Finding those individuals and bringing them into the strategy conversation is like hunting quail. It requires careful tracking, plus the right approach to flush them out in an orderly way at just the right time. Most importantly, though, it requires restraint by management: not shooting down what are, by definition, paradigm-changing, even radical ideas.

Rob Leavitt

Thanks Art -- re: the quality of much alleged thought leadership content, I certainly can't argue. Very good point re: the wild ducks. I think some companies (still the exception) are beginning to support their efforts in social media and otherwise, but integrating them into a more strategic approach to thought leadership, as you suggest, is still a major challenge.

One possible solution, which is something I think more companies need to do anyway, is taking a more journalistic approach to thought leadership and content marketing in general. And literally hiring good journalists (many of whom obviously need new career paths these days), is potentially a great way to go. Let them find the wild ducks and other sources of new thinking, new ideas, and new content within the organization (and all around it) to bring to the market some more useful, innovative, and educational content.

Tim Parker

Great stuff; I couldn't agree more, particularly with with Rob and Art. Too many times I have seen people tell me they can represent their company's thought leadership and draft out a point of view in an afternoon (one in the last month, which failed). This never reveals anything the market would be interested in because no one person, or group, on the basis of their day job(s) alone, has insights that are deep, broad or novel enough to be interesting to the market. Any meaningful thought leadership takes research too. Think of a few household name thought leaders - Warren Buffet, Michael Porter, Peter Drucker etc; these people aren't just clever, they spend - or spent - half their lives doing research. But when someone even as brilliant and with as much exposure to business and technology at the highest levels as Bill Gates writes out his point of view - Competing at the Speed of Light - without any research, it's dull and obvious (and about 76,000th on Amazon's sales rankings).

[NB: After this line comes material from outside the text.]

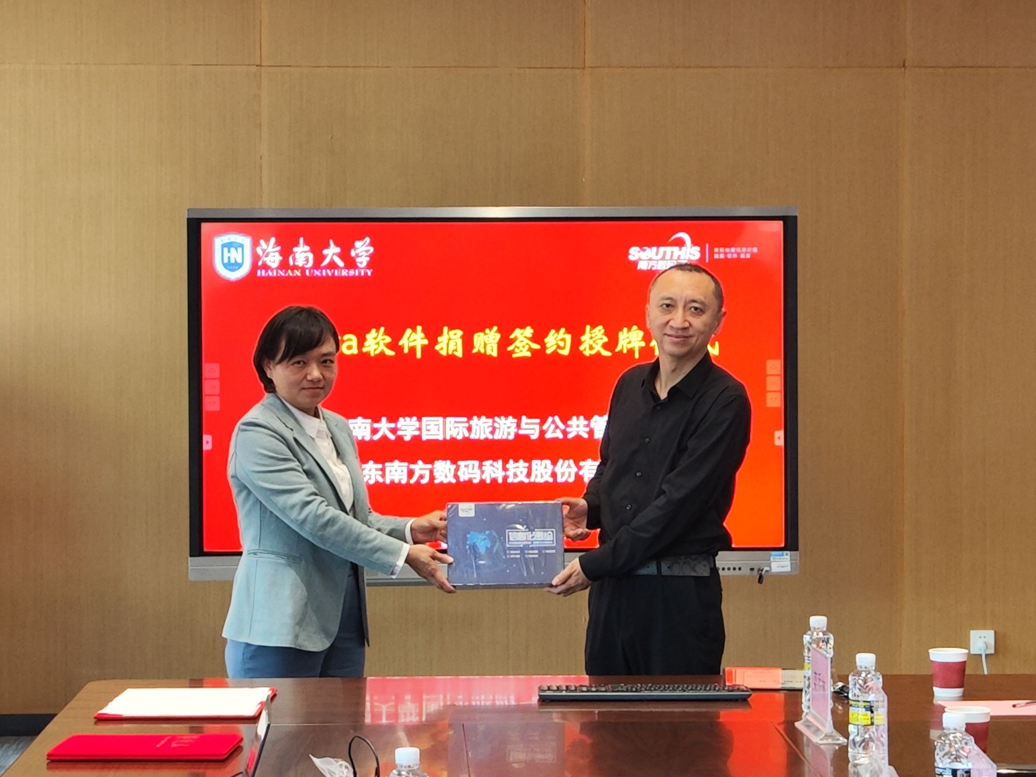 2025年3月14日,taptap点点体育与广东南方数码科技股份有限公司在观澜湖校区3B509会议室举行了iData软件捐赠仪式。广东南方数码科技股份有限公司海南办事处主任蔡慧君、产品推广总监王道智、大区经理符琼斌,taptap点点体育对外联络与员工事务处李艳荣、公司党委书记郭强、副经理何彪、黄朝明、土地资源管理系教师代表等参加捐赠仪式。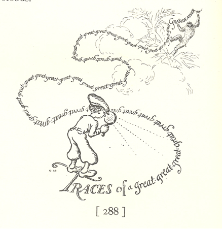 William Maxwell Reed‘s 1929 book The Earth for Sam is one of the first American children’s books to engage with evolution. ( I have found six other books from the same time period) In an example endemic of all these children’s evolution books Reed claims; “We saw life become a cell, then a group of cells. In turn there have appeared before us the fish, the amphibian, the reptile, and the mammal.” He goes on to address human decent directly; “Finally from among the mammals there appeared the primates and from among the primates the European white primates who founded the British Empire and the United States of America.” While the textbooks were becoming conservative, often not even mentioning the word evolution, children’s books emerged boldly asserting an ancient earth, and the decent of man.

I agree with Art that there are people in the organization that have good insights and you need to get them into formulating the point of view - and I haven't yet seen a case where they don't also have to spend time in the field, with customers, validating or refining the POV, and collecting examples that demonstrate it conclusively. In B2B professional services our customers are sophisticated buyers; they expect a well formed and substantiated argument if they are to be convinced. To Art's point, a Ouija-boarded POV does more harm than good.

Jason Vaughan

I think that much of what passes for thought leadership is nothing of the sort and is just the in-house expert expressing his/her views on a topic . That is not thought leadership.

Thought leadership is about producing a new perspective on an issue based on original research. A good example of 'real' thought leadership was a report produced by Whitehead Mann entitled 'What makes a great non-exec director'. They interviewed senior execs in FTSE companies and used the findings from their research to produce the report which also included commentary from Whitehead Mann's own experts on the issues raised. This was no doubt a time consuming project but it produced a true thought leadership paper that enhanced the firm's credibility in this area. What many firm's would have done would have been to ask one of their senior people for his/her opinions and then written this up as thought leadership. The contrast between the two approaches is stark and clients would find one of the reports to be thought provoking and worth retaining whilst the other one would be quickly consigned to the bin as another piece of 'marketing rubbish'.

Sadly, as a profession marketing suffers greatly when we are sometimes compelled to engage in activities which flatter the ego of senior management but do little to add value to the business we represent.